商社勤務でも苦しい23区「億ション」だらけの訳 高騰続くマンション価格が“適正”なカラクリ
不動産経済研究所の発表によれば2024年3月の東京23区の新築マンションの平均価格が1億2476万円と過去最高水準になったといいます。 【画像でわかる】2009年当時のマンション価格を現在と比較すると つい先日、友人が麻布台ヒルズに誕生したタワーマンションのアマンレジデンス東京の内覧会に呼ばれたそうです。 「で、買ったの?」 と尋ねたところ、 「買える値段じゃなかった」 と即答しました。

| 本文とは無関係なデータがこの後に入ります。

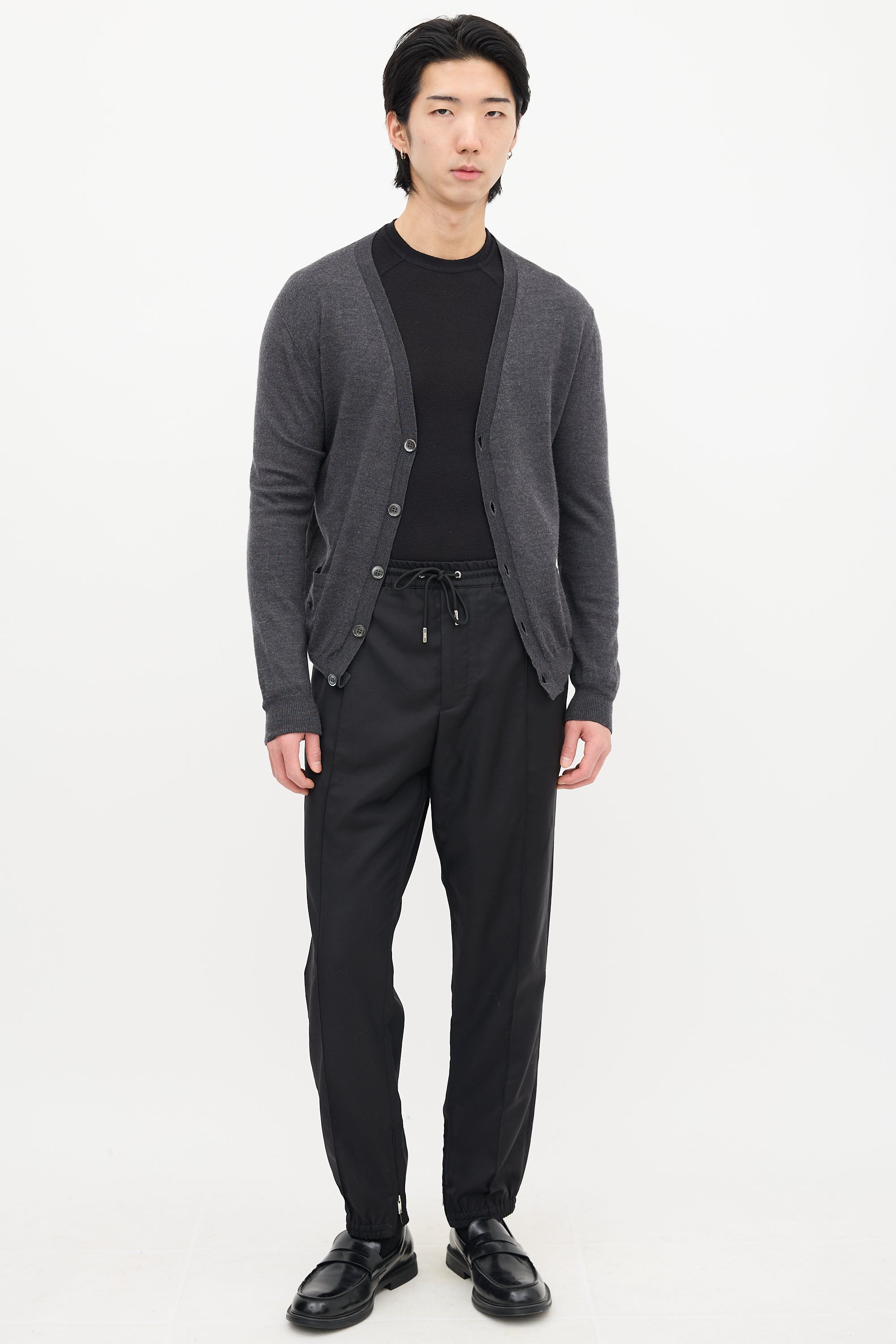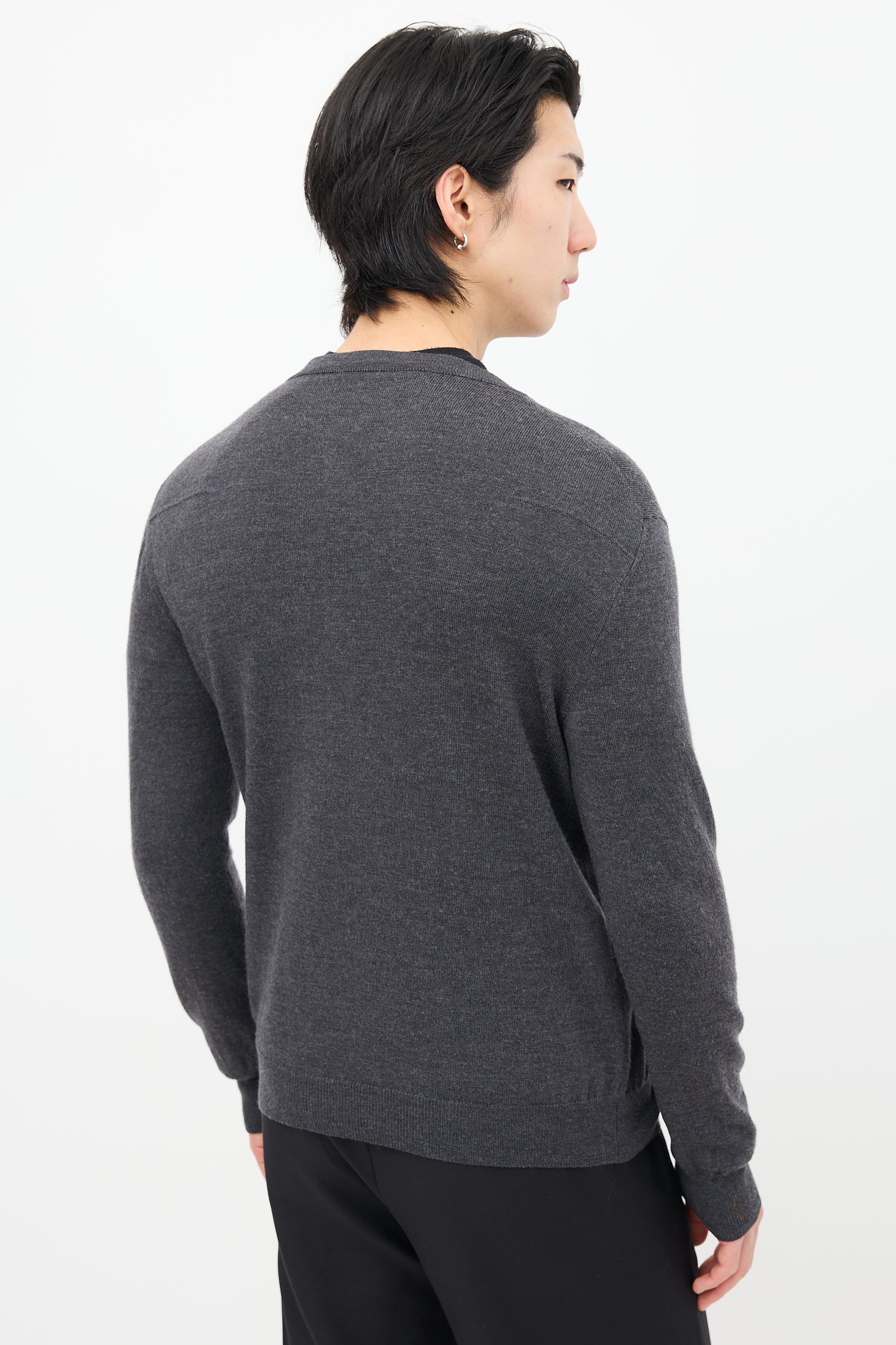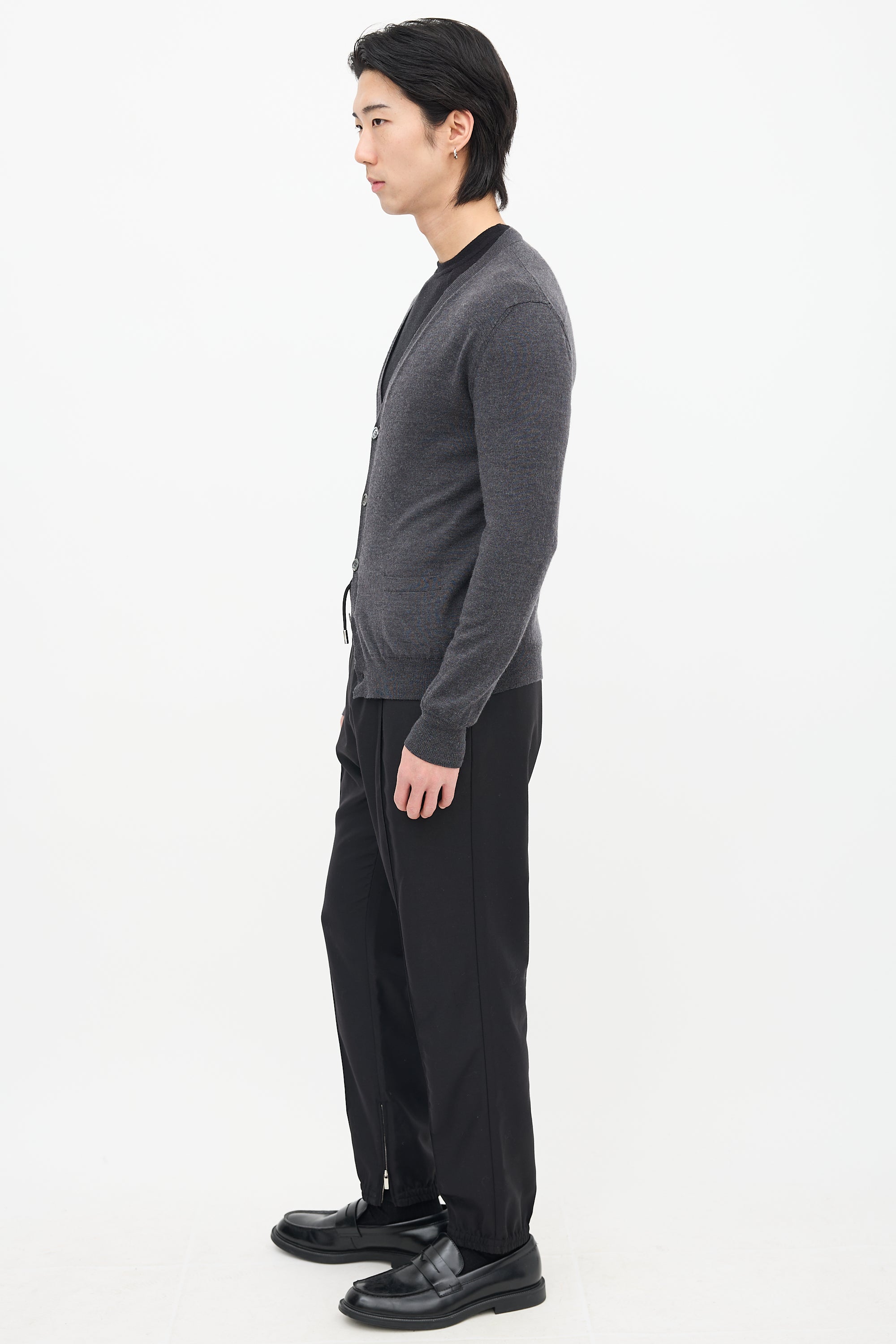 Pre-owned Dior dark grey wool cardigan featuring a V-neckline, button up front, two front pockets, tonal embroidered bee motif at right pocket, and ribbed placket, hem, and cuffs.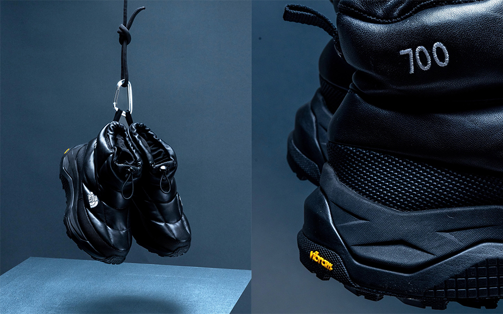 其中 Bootie Hybrid 的鞋面采用了羊皮材质,同时有 700 蓬松度的羽绒填充,加上可调节的松紧绳,能确保出色的保暖性。它搭载了 DREAM 缓震科技中底,搭配 Vibram XS Trek 外底,也确保了全地形的机能表现。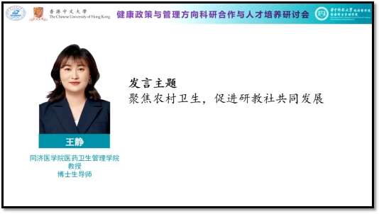 王静教授以“聚焦农村卫生,促进研教社共同发展”为题进行汇报,介绍我院卫生管理系的基本情况以及农村健康服务研究中心近年来的成果,并以慢性病医防融合服务管理为例介绍近年来农村及基层医疗服务所面临的机遇与挑战及潜在解决思路。

数億円ぐらいの物件なら躊躇なく買える友人でも、検討すらできない価格だったそうです。
「ちなみに高めの部屋の管理費がいくらだと思う?」 と訊かれたので、 「月30万円ぐらいじゃない?」 と答えたところ、 「違うよ、月300万円だった」 という話でした。 ■超富裕層からみれば「お手頃な価格」 ちょっとだけ解説をさせていただくと、この管理費はおそらく物件の価格が300億円台といわれている一番広いタイプの部屋の場合でしょう。アジアの超富裕層から見ればこの物件、300億円で買ってもおそらく将来、退去する際に300億円超で買い手が見つかるでしょう。それくらい価値のある物件です。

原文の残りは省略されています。